The field of marketing science has evolved significantly in the last 70 years. Throughout its rich history, developments in this field have always been anchored on marketing phenomena that drew on economics, statistics, operations research, and related disciplines. This book reviews the accomplishments of notable marketing scientists in several research areas. It emphasizes both the role and the importance that pioneers in marketing science have had in the rapid development of this field and honors those contributions.
This second edition of the book offers updates of the former chapters and six new chapters on emerging areas of marketing science including machine learning, field experimentation methods, and internet marketing. Combined with older areas of research like endogeneity, services, and market segmentation, this book provides a road map for the development of 22 areas of marketing science, which not only is useful from a historical perspective but also identifies important gaps in the literature which can provide an impetus for future research. As such, it provides an important resource for the main consumers of the academic marketing research literature: doctoral students, faculty, and marketing science practitioners in consulting firms and companies.
Contents:
- The History of Marketing Science: Beginnings (Scott A Neslin and Russell S Winer)
- Methods:
- Brand Choice Models (Gary J Russell)
- Conjoint Analysis (Vithala R Rao)
- Innovation Diffusion (Eitan Muller and Renana Peres)
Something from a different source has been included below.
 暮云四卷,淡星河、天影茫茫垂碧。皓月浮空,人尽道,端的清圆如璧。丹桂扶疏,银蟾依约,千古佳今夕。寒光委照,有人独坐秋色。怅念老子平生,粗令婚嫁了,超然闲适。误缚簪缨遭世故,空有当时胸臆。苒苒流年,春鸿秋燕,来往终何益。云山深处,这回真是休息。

- Econometric Models (Dominique M Hanssens and Marnik G Dekimpe)
- Market Structure (Steve M Shugan)
- Stochastic Models of Buyer Behavior (Peter S Fader, Bruce G S Hardie, and Subrata Sen)
- Endogeneity and Causal Inference in Marketing (Dominik Papies, Peter Ebbes, and Elea Mc Donnell Feit)
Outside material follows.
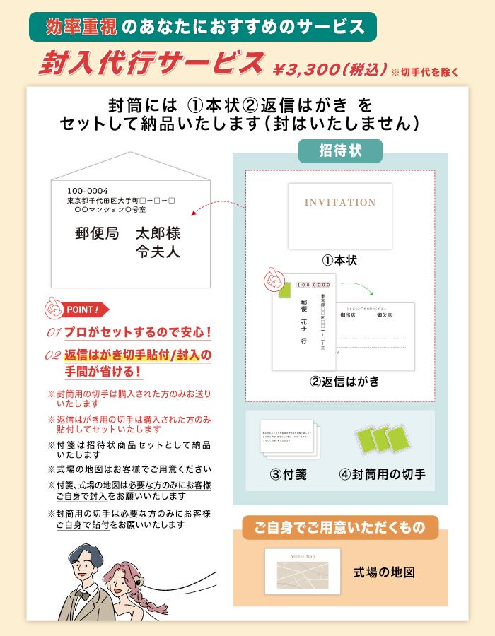 封入代行サービス(有料)を利用すれば返信用はがきに慶事用切手を貼った状態で本状と共に封筒にセットして納品いたします。(封はいたしません)

- AI and Machine Learning (P K Kannan and Liye Ma)
- Field Experiments (Yiting Deng, Anja Lambrecht, and Catherine Tucker)
- Management:
- Advertising Effectiveness (Gerard J Tellis)
- Branding and Brand Equity Models (Tülin Erdem and Joffre Swait)
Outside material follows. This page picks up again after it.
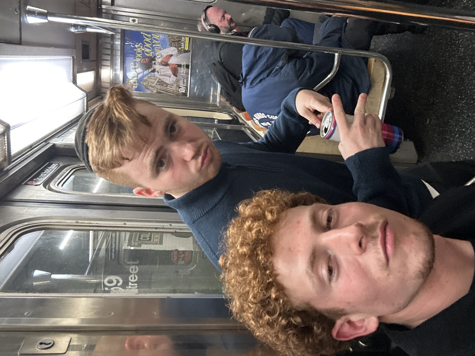 Two men are posing inside a subway car. The man in the foreground has curly red hair and a light complexion. Behind him, another man with a kippah on his head is holding an open can and making a peace sign. In the background, a person wearing headphones is reclining. An advertisement is visible above them. The train door with "59 street" printed on it can be seen on the left side of the frame.

- Distribution Channels (Eunkyu Lee and Richard Staelin)
- Customer Relationship Management (CRM) (Scott A Neslin)
- The Internet as a Social Medium (Wendy W Moe and David A Schweidel)
- Internet Marketing (Peter J Danaher and Andrew T Stephen)
- New Products Research (Tingting Fan, Peter N Golder, and Donald R Lehmann)
- Service Marketing Models (Roland T Rust and Ming-Hui Huang)
- Models of Organizational Buying Behavior (Gary L Lilien)
- Pricing (Russell S Winer)
- Sales Force Productivity Models (Murali K Mantrala)
- Sales Promotions (Karen Gedenk, Kusum L Ailawadi, and Sunil Gupta)
- Market Segmentation (Michel Wedel and Wayne S De Sarbo)
Readership: Marketing academics and doctoral students in marketing; Book is likely to be used in doctoral seminars and as an aid for marketing professors in their research. Can also be used by sophisticated marketing practitioners in companies such as Amazon, Meta, Google, Alibaba, etc., and consultants at firms such as Mc Kinsey, Monitor, Bain, etc.
Key Features:
- This book is unique in its historical perspective and authorship by premier leaders in the field of marketing science. It provides researchers and practitioners with a unique point-of-view of how the field developed, where it stands now, and where it will go
- The 22 chapters cover a comprehensive array of methodological and substantive areas comprising marketing science. Each contributed chapter is not intended to be a review of the literature in the specific area. Instead, the authors of each chapter selected the most important research that advanced their area at different points in time. As a result, the literature references are selective and not comprehensive. Second, each chapter has a graphic with a timeline for the key developments in the area covered by the chapter or, in some cases, by sub-area. This ‘genealogical’ chart is a key part of each chapter and an important takeaway and summary. Third, each chapter is intended to be brief and largely qualitative with relatively few equations. While this is in stark contrast to articles in Marketing Science, the Journal of Marketing Research, and other journals publishing marketing science papers, our objective was to make it highly readable and easy to digest and thus reach as many people as possible, including those readers with backgrounds outside of economics, statistics, operations research, etc.